Sines and cosines of increasing frequency. Produces smooth, oscillatory curves.

data_fourier = simulate(
    n=30, argvals=argvals, n_basis=7,
    efun_type="fourier", seed=1,
)
fd_fourier = Fdata(data_fourier, argvals=argvals)

"poly"

Legendre-like polynomial eigenfunctions. Curves tend to show broad trends without rapid oscillation.

data_poly = simulate(
    n=30, argvals=argvals, n_basis=5,
    efun_type="poly", seed=1,
)
fd_poly = Fdata(data_poly, argvals=argvals)

"poly_high"

Higher-degree polynomial eigenfunctions that introduce more local variation than "poly".

data_poly_high = simulate(
    n=30, argvals=argvals, n_basis=5,
    efun_type="poly_high", seed=1,
)
fd_poly_high = Fdata(data_poly_high, argvals=argvals)

"wiener"

Eigenfunctions of the Wiener process (Brownian motion). Useful for simulating non-stationary, drifting paths.

data_wiener = simulate(
    n=30, argvals=argvals, n_basis=5,
    efun_type="wiener", seed=1,
)
fd_wiener = Fdata(data_wiener, argvals=argvals)

Choosing an eigenfunction type

Use "fourier" for periodic or oscillatory data, "poly" for smooth monotonic trends, and "wiener" for random-walk-like behavior.


Eigenvalue Decay Patterns

The eval_type parameter governs how fast the eigenvalues \(\lambda_k\) decay, which controls the effective dimensionality of the data.

"linear" (default)

\(\lambda_k = 1/k\). Slow decay means higher-order components still carry substantial variance, producing more complex curves.

data_linear = simulate(
    n=30, argvals=argvals, n_basis=10,
    eval_type="linear", seed=2,
)
fd_linear = Fdata(data_linear, argvals=argvals)

"exponential"

\(\lambda_k = e^{-k}\). Fast decay concentrates variance in the first few components, yielding smoother, lower-dimensional data.

data_exp = simulate(
    n=30, argvals=argvals, n_basis=10,
    eval_type="exponential", seed=2,
)
fd_exp = Fdata(data_exp, argvals=argvals)

"wiener"

\(\lambda_k = 1/(k - 0.5)^2 \pi^2\). The eigenvalue pattern of a Brownian motion covariance.

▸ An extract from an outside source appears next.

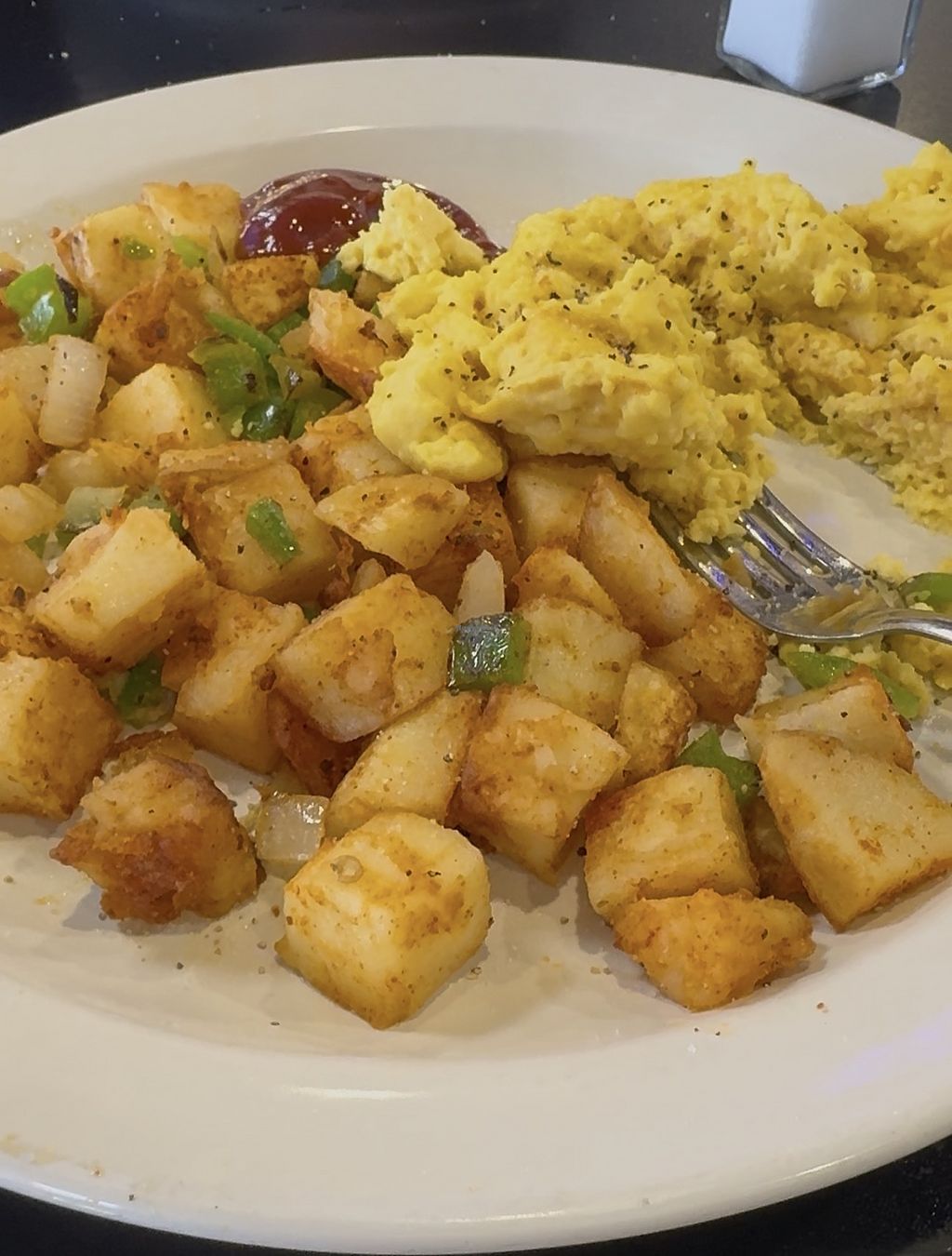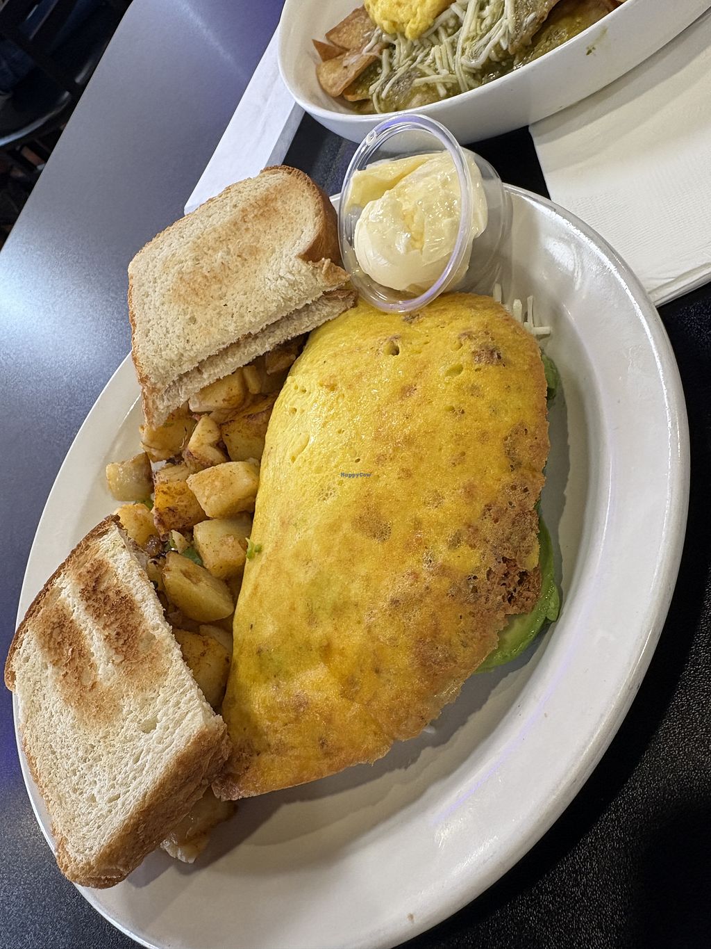 The vegan omelet and dinner potatoes were delicious and very flavorful. Large vegan section on the menu. #Veganuary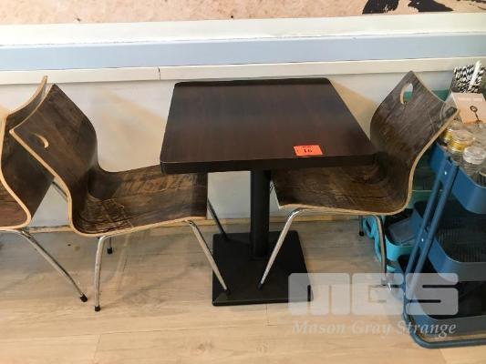 TIMBER LAMINATE SQUARE DINING TABLE, 60 x 600mm & 2 x DECORATIVE PLYWOOD CHAIRS

data_wiener_eval = simulate(
    n=30, argvals=argvals, n_basis=10,
    eval_type="wiener", seed=2,
)
fd_wiener_eval = Fdata(data_wiener_eval, argvals=argvals)

Combining Options

You can mix any eigenfunction type with any eigenvalue decay:

# Fourier shapes with fast exponential decay -> very smooth oscillatory curves
smooth_osc = simulate(
    n=40, argvals=argvals, n_basis=7,
    efun_type="fourier", eval_type="exponential", seed=10,
)
fd_smooth_osc = Fdata(smooth_osc, argvals=argvals)

# Polynomial shapes with linear decay -> complex trending curves
complex_trend = simulate(
    n=40, argvals=argvals, n_basis=7,
    efun_type="poly", eval_type="linear", seed=10,
)
fd_complex_trend = Fdata(complex_trend, argvals=argvals)

Effect of n_basis

Increasing n_basis adds higher-frequency variation:

# Low complexity
simple = simulate(n=20, argvals=argvals, n_basis=3, seed=0)
fd_simple = Fdata(simple, argvals=argvals)

# High complexity
complex_ = simulate(n=20, argvals=argvals, n_basis=15, seed=0)
fd_complex = Fdata(complex_, argvals=argvals)

Reproducibility

Pass a fixed seed to get identical results across runs. When seed is None, a different random sample is produced each time.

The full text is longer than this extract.